Thirty patients having similar age groups of either sex comprised the control group; they were non-diabetic, non-hypertensive and non-smokers; 6 ml of venous blood was collected, 1 ml of blood in oxalate fluoride bottles for estimation of glucose, the rest in plain sterile bottles and allowed to clot. Serum was separated for estimation of MDA and total cholesterol. Estimation of MDA was done by thiobarbituric acid reactive substance assay according to the method described by Mahffouz.
Details of the mean values along with the standard deviations for various parameters in the two diabetic groups as well as in the control are shown in the Table 1. The mean age was 50 ± 10.22 years in cases of type 2 diabetes without any complications and 53 ± 9.07 years in diabetic cases who had myocardial infarction. The control age group was 48 + 9.6 years.
Mean fasting blood glucose levels were 80.86 ± 7.56 mg% in control, 162.86 ± 35.57 in type 2 DM without any complications and 180.43 + 33.93 in the diabetes mellitus with myocardial infarction Statistically analysis revealed that mean FBG level in both types of DM were significantly higher (P < 0.05) than that in the control group, however when the mean FBG value in type 2 DM without any complications was compared with those with myocardial infarction, no significant differences were observed.
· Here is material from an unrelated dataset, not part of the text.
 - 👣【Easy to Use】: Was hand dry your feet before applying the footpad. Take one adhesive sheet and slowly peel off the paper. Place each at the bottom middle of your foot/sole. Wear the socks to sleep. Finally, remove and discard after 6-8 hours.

Serum total cholesterol was estimated in the test as well as in control groups as this is one of the important parameters which may be correlated to myocardial infarction. Mean total cholesterol levels were 193.13 ± 25.6 mg% in the control group and 292.56 ± 25.22 in the diabetic without complications and 309.8 ± 31.91 mg% in type 2 DM with myocardial infarction. The differences between test groups and control were statistically significant (P < 0.05).
The mean serum MDA levels in diabetics with myocardial infarction were highest 547 ± 108.75 nmol/ (dl) followed by 354.56 ± 76.44 nmol/(dl) in diabetics groups without any complications. In the control groups, MDA was found to be 189.94 + 33.64. In both test-groups the serum MDA level were significantly higher compared with the controls (P < 0.01) and in between the diabetic groups it was found to be significantly higher in diabetes with myocardial infarction (P < 0.01).
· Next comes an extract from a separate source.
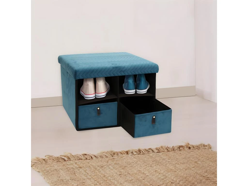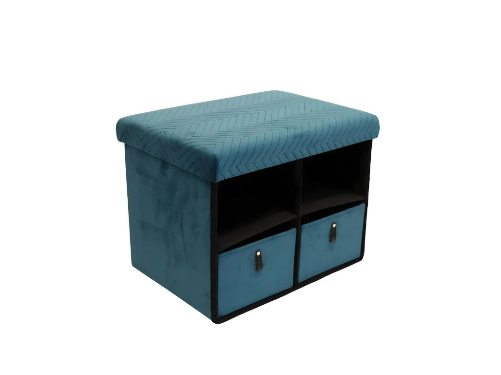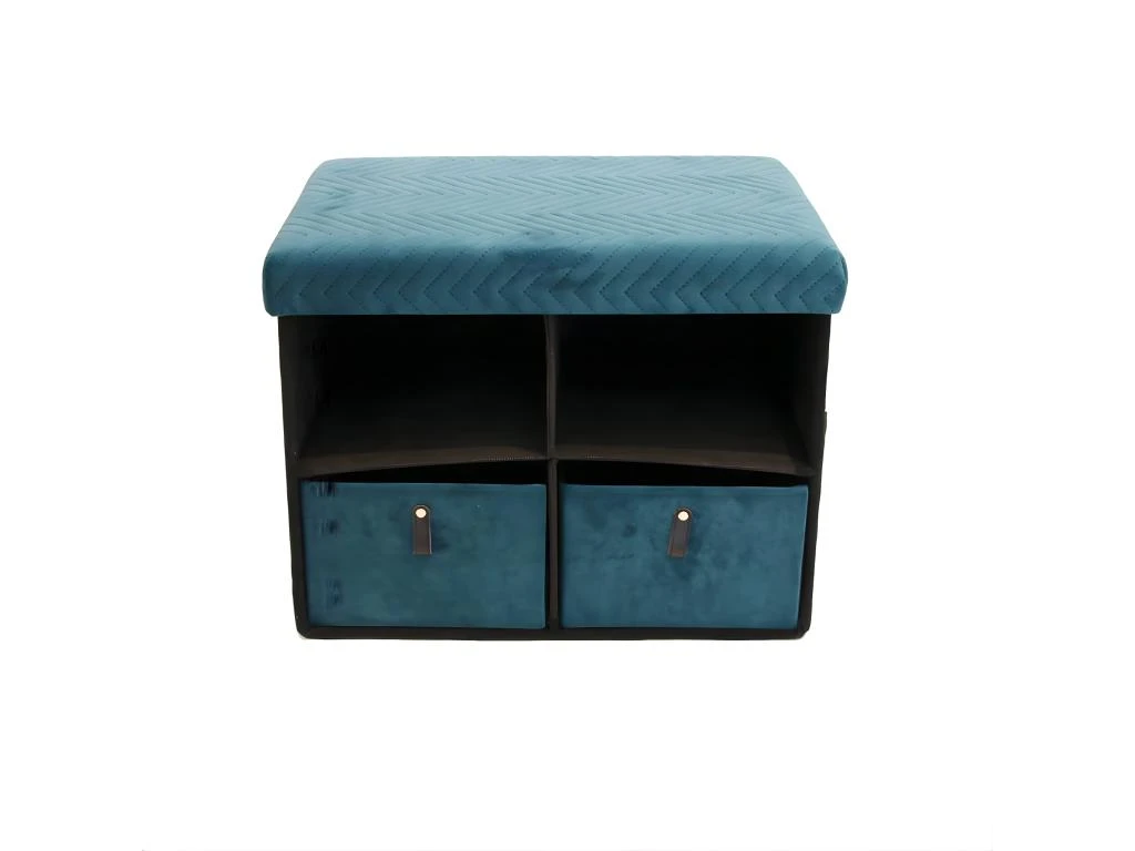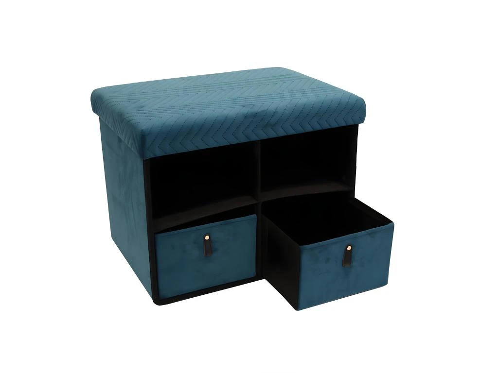 Banc Pliable Velours Bleu Canard Avec Tiroirs de la gamme Floy.

It is well documented that MDA is a stable end product of free radicals induced by lipid peroxidation. Thus MDA serves as a reliable marker for the assessment of free radical induced damage to tissues. In diabetic patients a major factor that is responsible for enhanced free radical generation is hyperglycemia through auto-oxidation of glucose; it may be an important risk factor for cardiovascular disease.
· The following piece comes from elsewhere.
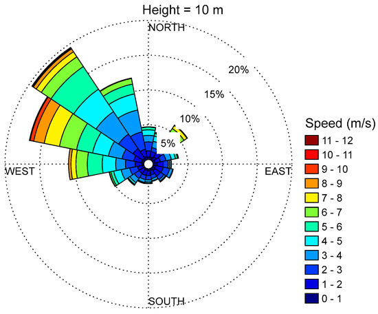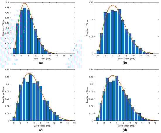 Two probability density functions given by Equations (1) and (2) are usually used to describe the wind speed distribution [31,36,37]. The first one, called the Rayleigh distribution, requires only the wind speed to calculate the probability density function, whilst the second one, called the Weibull distribution, requires two parameters, which are the shape parameter, referred to as and the scale parameter, referred to as . The Weibull probability density function is used in this study.

In both groups of type 2 D.M, serum MDA levels were significantly higher than the normal. In type 2 DM with myocardial infarction, MDA levels were significantly higher than Type 2 cases without any complications. This may be explained on the basis of longer duration of the disease leading to excessive free radical induced damage, another reason for the high levels of MDA could be the glycation of serum proteins leading to activation of receptors for advanced glycation end products (A.G.E), which initiates the process of atherosclerosis. Excessive oxygen derived free radicals are generated in the early stage of myocardial infarction.
Involvement of oxygen free radicals in the pathophysiology of inflammation ischemia and reperfusion damage in a number of organs and tissues had been reported in literature.
In type 2 diabetics without complications similar free radical induced damage may be in progress, which may require further period of time to manifest as macro-vascular complication. Oxidative stress may inhibit NO mediated endothelial function by degrading NO. It has been seen that high levels of lipid peroxides reflect increased oxidative stress; this may cause decrease circulating anti-oxidants due to increased consumption.
Apart from good glycemic control, supplementation by anti-oxidants in subjects of increased MDM levels in type 2 DM may help in reducing oxidative stress which is one of the causes of myocardial infarction.